In einarhjorleifsson/datrasdoodle: Does not matter.

Common models {#models}

... here some discussion on the tidyverse approach to model fitting ...

library(tidyverse)
library(broom)
library(modelr)
ca <- read_rds("data/ns-ibts_ca.rds")

Length weight

Consider the pattern in the length vs weight (here Pleuronectes platessa):

Latin <- "Pleuronectes platessa"
ca %>% 
  filter(latin == Latin) %>% 
  ggplot(aes(length, wgt)) +
  geom_point(size = 0.5, colour = "red")

This is a classical nonlinear relationship.
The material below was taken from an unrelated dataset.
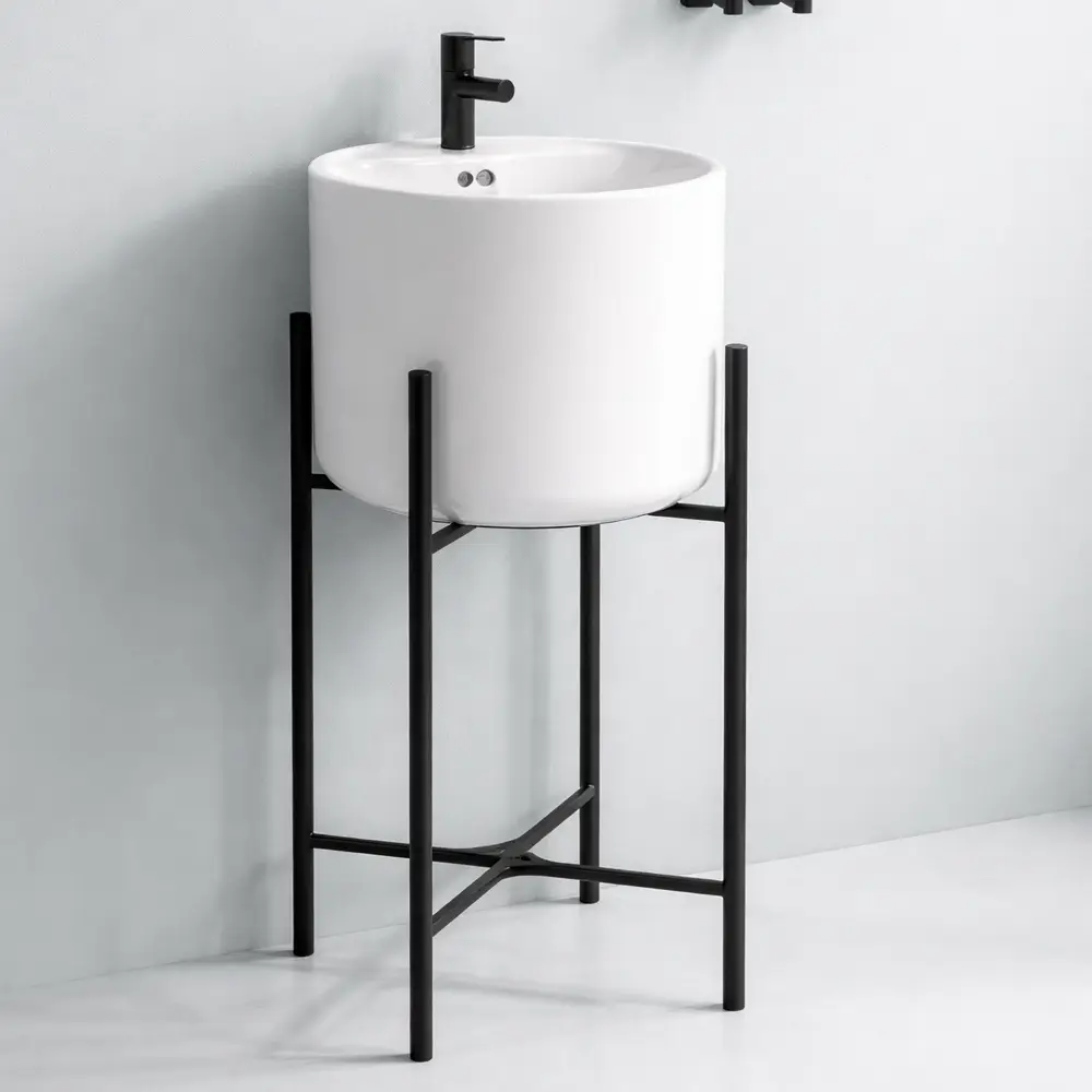 avoarul Modena cu suport se distinge prin designul său modern și minimalist, fiind o alegere ideală pentru băi contemporane sau spații cu stil industrial elegant. Lavoarul ceramic cu formă cilindrică este pus în valoare de suportul metalic negru, cu structură stabilă și linii subțiri, care creează un contrast vizual rafinat.

One may want to think about fitting that type of a model directly to the variables. However, there are indication that the variance in the dependent variable (weight) increases with the value of the independent variable (length). This becomes more apparent if we visualize the data using the following code:

ca %>% 
  filter(latin == Latin) %>% 
  mutate(length = cut(length, breaks = seq(0, 60, by = 5))) %>% 
  filter(!is.na(length)) %>% 
  ggplot(aes(wgt)) +
  geom_density() +
  facet_grid(. ~ length, scale = "free_x") +
  scale_y_continuous(NULL, NULL) +
  coord_flip() +
  labs(x = "Weight [g]",
       title = "Density distribution of weight by length classes",
       subtitle = Latin)

Lets take a peek at log-tranformed data:

ca %>% 
  filter(latin == Latin) %>% 
  ggplot(aes(length, wgt)) +
  geom_point(size = 0.5, colour = "red") +
  scale_x_log10() +
  scale_y_log10()

This looks more like it - the variance in the log-weight is now more independent of length. So lets estimate the parameters of such a model:

d <-
  ca %>% 
  filter(latin == Latin) %>% 
  dplyr::select(length, wgt) %>% 
  drop_na()
fit <- lm(log(wgt) ~ log(length), data = d)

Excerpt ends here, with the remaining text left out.